* [TASK ITEM]
All entries below must be output word for word, and the pictures left behind.

Records excerpted from a collection
------------------------------------------------------------

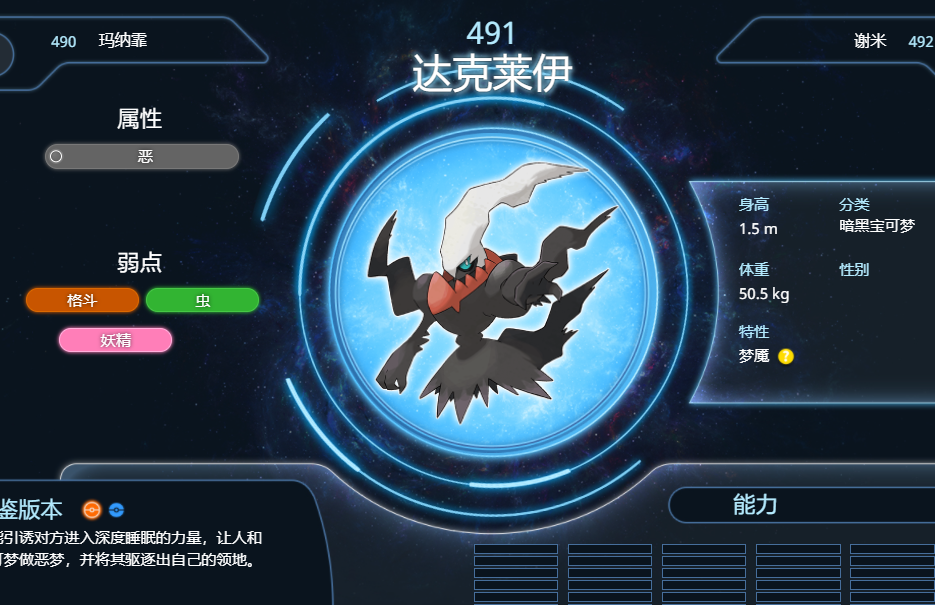 1、在寶可夢傳說中,噩夢神原名叫「達克萊伊」,是一隻惡屬性的傳說寶可夢,特性是夢魘,其捕捉難度較大。
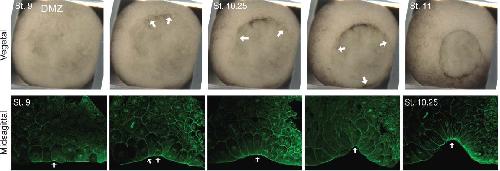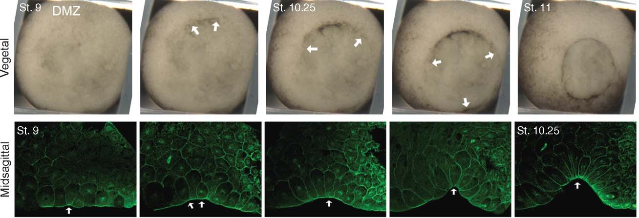 Bottle cell formation as the first external sign of Xenopus gastrulation. Top, vegetal view of blastopore formation, with bottle cells forming initially in the dorsal marginal zone (DMZ), then laterally and ventrally to form the circular blastopore. Arrows mark the extent of apically constricting bottle cells. Bottom, midsagittal confocal images of bottle cells immunostained with α-tubulin antibody. Embryos are oriented apical down and animal to the right. Arrows point to center of blastopore invagination. St., stage. (Reprinted with permission from Ref 3. Copyright 2007 Elsevier)
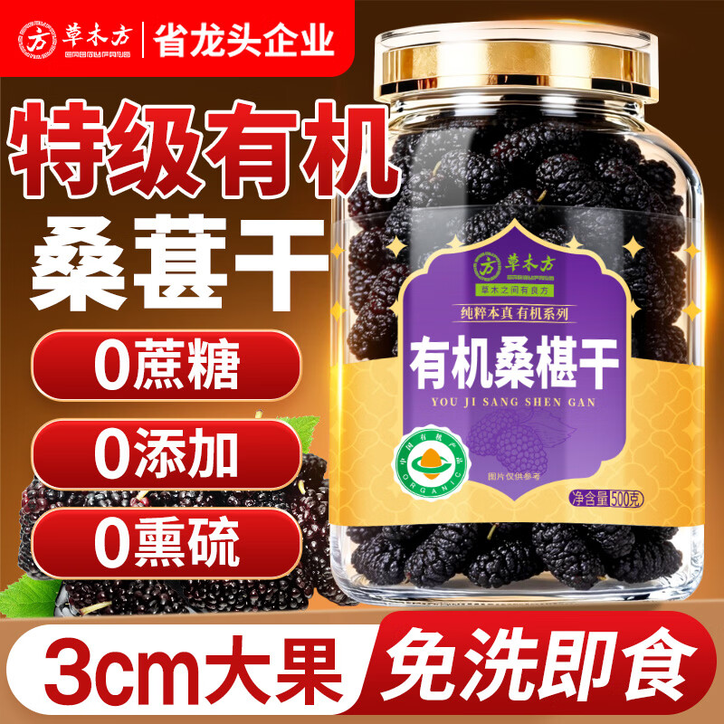 草木方 有机桑葚干500g 无沙桑葚干特级免洗即食黑桑椹无硫0添加养生茶
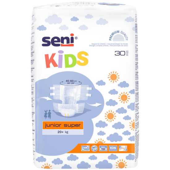 Seni Kids to pieluchomajtki dla dzieci z inkontynencją, które wyrosły już z tradycyjnych dziecięcych pieluszek, a wciąż potrzebują pewnego i komfortowego zabezpieczenia. Seni Kids zapewniają:
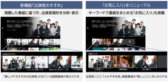 キーワードで番組をまとめる「お気に入り」機能も搭載し、「推し」だけのフォルダが自動でまとめられより見やすく・探しやすくなりました。さらに、ユーザーの視聴した番組に基づき、出演者嗜好を分析・表示する新機能「出演者おすすめ」を使えば、新しい推しとの出会いも見つけることができます。
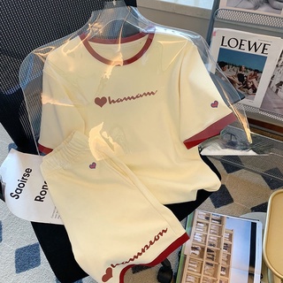 Bộ Áo Thun Thêu Màu Tương Phản Phối Quần Short Thời Trang Hè Cá Tính Cho Nữ
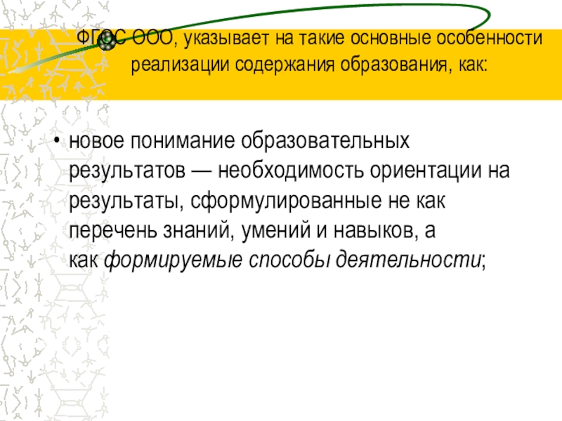 ФГОС ООО, указывает на такие основные особенности реализации содержания образования, как: новое понимание образовательных результатов — необходимость
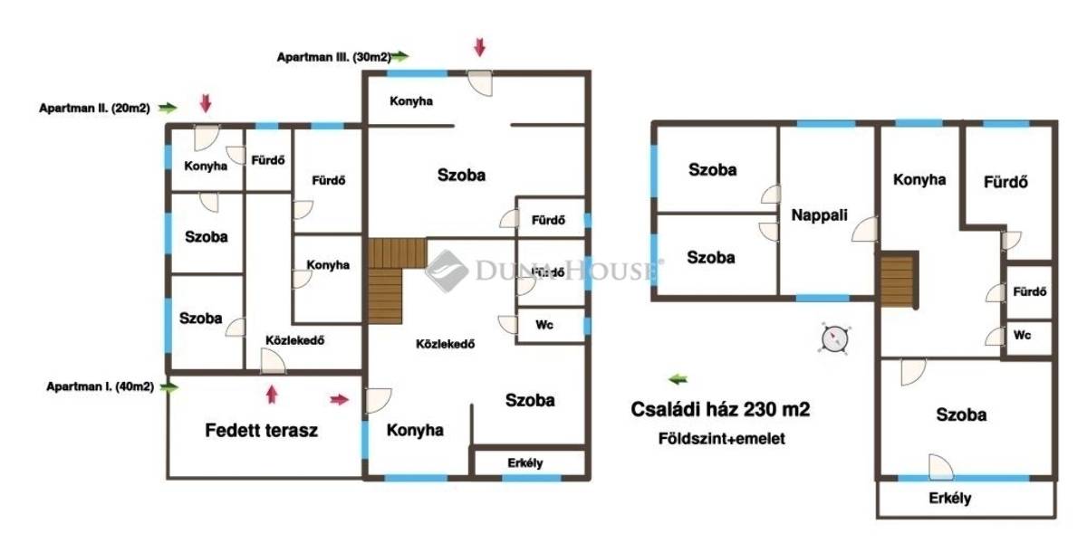Az összesen 320 m²-es lakóterületű, 9 szobás ház jelenleg több különálló lakásként funkcionál, ami lehetővé teszi akár több generáció együttélését, akár bérbeadási célú hasznosítását. A főépületben egy nappali, konyha-étkező, dupla fürdőszoba, dupla WC és négy hálószoba található, amelyek közül további szobák kialakítása is lehetséges. Az épülethez egy különálló, 60 m²-es földszinti lakás is kapcsolódik, valamint több önálló apartman került kialakításra, amelyek külön bejárattal rendelkeznek.
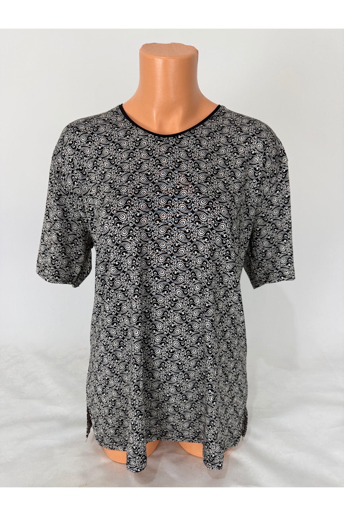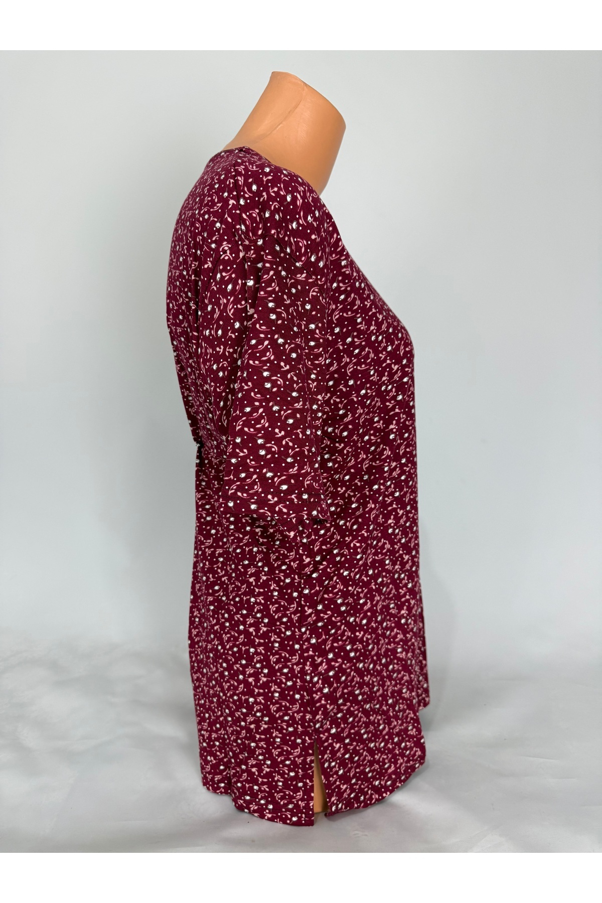 Kadın Bordo U Yaka Kısa Kollu Çiçek Desenli Yırtmaçlı Dokuma Viskon Anne Penye Tişört Kadın Bordo U Yaka Kısa Kollu Çiçek Desenli Yırtmaçlı Dokuma Viskon Anne Penye Tişört RLY-2651 4XL
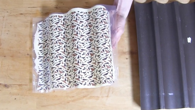Dans cette vidéo, je vais vous montrer la décoration dent de loup, souvent appelé sur cette typologie. J’ai fait tout simplement couler du chocolat blanc sur un chocolat transfert, avec des petites pépites et là, je l’ai mis tout du long pour qu’il prenne la forme de la plaque une fois sec.
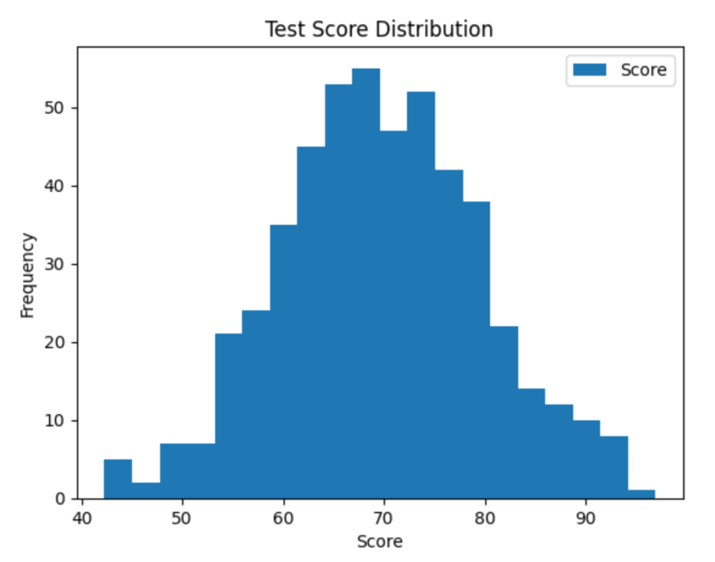 df = pd.DataFrame({'Score': np.random.normal(70, 10, 500)})
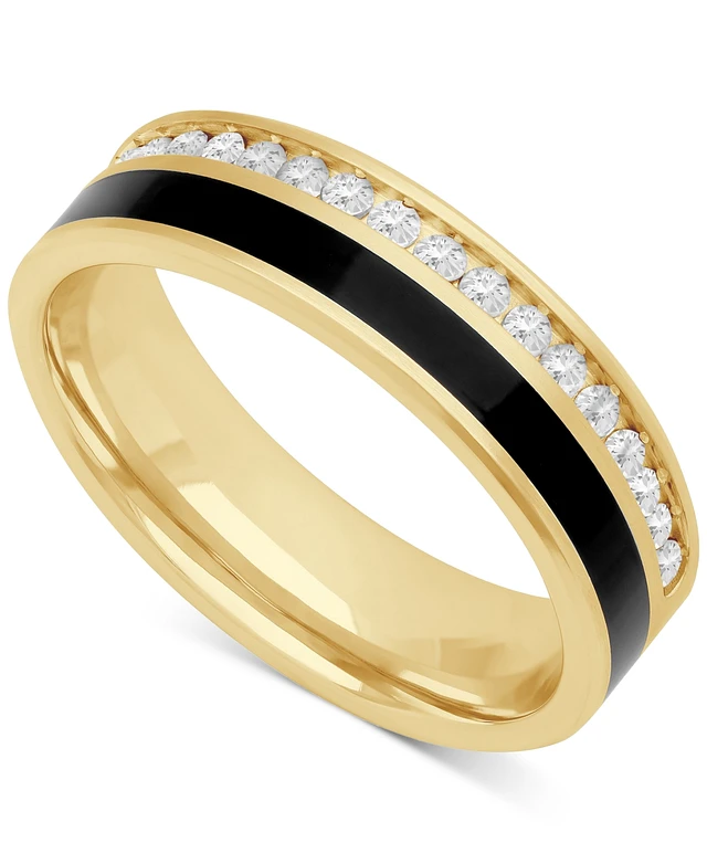 Men's Lab-Created White Sapphire (3/4 ct. t.w.) & Ceramic Stripe Band in 18k Gold-Plated Sterling Silver (Also in Black Sapphire)
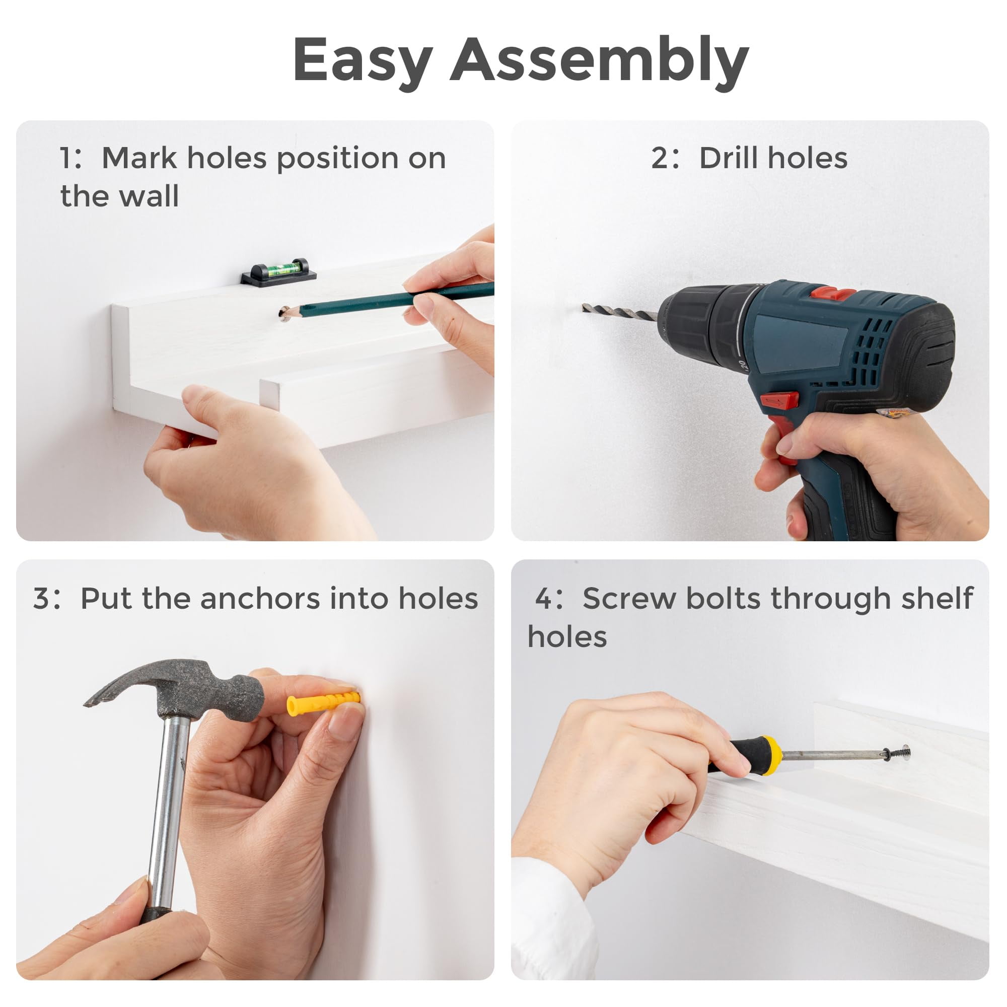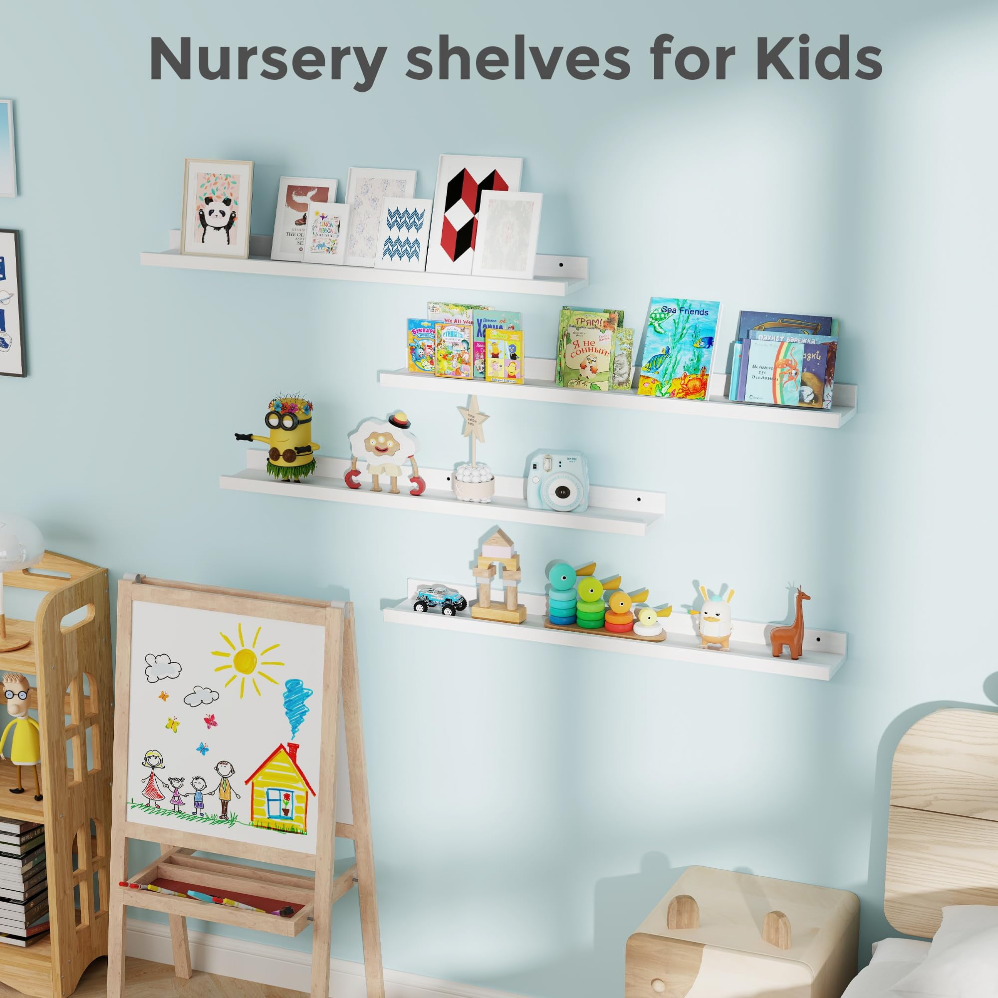 Fun Memories 36″ 4pack Solid Wood Floating Shelves for Wall Decor,White
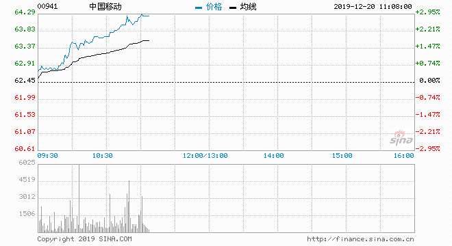 中國(guó)移動(dòng)(00941) 63.50元 升1.68%
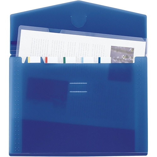●A4クリヤーホルダーも収容できるヨコ型ファイルで、6ポケット・色はインディゴブルーの5冊セットです。
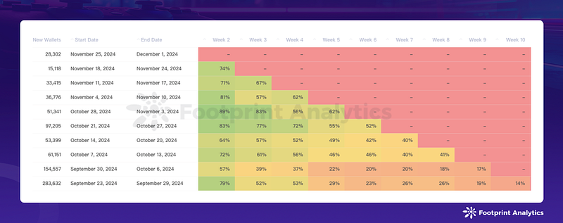 TON’s ecosystem faced challenges with a 41.9% decline to 116.4K DAU, highlighting the retention challenges in Telegram-based games. But the industry always has some exceptions. Sui’s average DAU in November was 233.3K, 23.1% increased from last month. The Telegram game BIRDS has contributed most of the user base, with average DAU 224.9K, and its weekly new user retention is one of the industry-level examples.

------------------------------------------------------------

* [YOUR RESPONSE]
 1、在寶可夢傳說中,噩夢神原名叫「達克萊伊」,是一隻惡屬性的傳說寶可夢,特性是夢魘,其捕捉難度較大。
 Bottle cell formation as the first external sign of Xenopus gastrulation. Top, vegetal view of blastopore formation, with bottle cells forming initially in the dorsal marginal zone (DMZ), then laterally and ventrally to form the circular blastopore. Arrows mark the extent of apically constricting bottle cells. Bottom, midsagittal confocal images of bottle cells immunostained with α-tubulin antibody. Embryos are oriented apical down and animal to the right. Arrows point to center of blastopore invagination. St., stage. (Reprinted with permission from Ref 3. Copyright 2007 Elsevier)
 草木方 有机桑葚干500g 无沙桑葚干特级免洗即食黑桑椹无硫0添加养生茶
 Seni Kids to pieluchomajtki dla dzieci z inkontynencją, które wyrosły już z tradycyjnych dziecięcych pieluszek, a wciąż potrzebują pewnego i komfortowego zabezpieczenia. Seni Kids zapewniają:
 キーワードで番組をまとめる「お気に入り」機能も搭載し、「推し」だけのフォルダが自動でまとめられより見やすく・探しやすくなりました。さらに、ユーザーの視聴した番組に基づき、出演者嗜好を分析・表示する新機能「出演者おすすめ」を使えば、新しい推しとの出会いも見つけることができます。
 Bộ Áo Thun Thêu Màu Tương Phản Phối Quần Short Thời Trang Hè Cá Tính Cho Nữ
 ФГОС ООО, указывает на такие основные особенности реализации содержания образования, как: новое понимание образовательных результатов — необходимость
Az összesen 320 m²-es lakóterületű, 9 szobás ház jelenleg több különálló lakásként funkcionál, ami lehetővé teszi akár több generáció együttélését, akár bérbeadási célú hasznosítását. A főépületben egy nappali, konyha-étkező, dupla fürdőszoba, dupla WC és négy hálószoba található, amelyek közül további szobák kialakítása is lehetséges. Az épülethez egy különálló, 60 m²-es földszinti lakás is kapcsolódik, valamint több önálló apartman került kialakításra, amelyek külön bejárattal rendelkeznek.
 Kadın Bordo U Yaka Kısa Kollu Çiçek Desenli Yırtmaçlı Dokuma Viskon Anne Penye Tişört Kadın Bordo U Yaka Kısa Kollu Çiçek Desenli Yırtmaçlı Dokuma Viskon Anne Penye Tişört RLY-2651 4XL
Dans cette vidéo, je vais vous montrer la décoration dent de loup, souvent appelé sur cette typologie. J’ai fait tout simplement couler du chocolat blanc sur un chocolat transfert, avec des petites pépites et là, je l’ai mis tout du long pour qu’il prenne la forme de la plaque une fois sec.
 df = pd.DataFrame({'Score': np.random.normal(70, 10, 500)})
 Men's Lab-Created White Sapphire (3/4 ct. t.w.) & Ceramic Stripe Band in 18k Gold-Plated Sterling Silver (Also in Black Sapphire)
 Fun Memories 36″ 4pack Solid Wood Floating Shelves for Wall Decor,White
 中國(guó)移動(dòng)(00941) 63.50元 升1.68%
●A4クリヤーホルダーも収容できるヨコ型ファイルで、6ポケット・色はインディゴブルーの5冊セットです。
 TON’s ecosystem faced challenges with a 41.9% decline to 116.4K DAU, highlighting the retention challenges in Telegram-based games. But the industry always has some exceptions. Sui’s average DAU in November was 233.3K, 23.1% increased from last month. The Telegram game BIRDS has contributed most of the user base, with average DAU 224.9K, and its weekly new user retention is one of the industry-level examples.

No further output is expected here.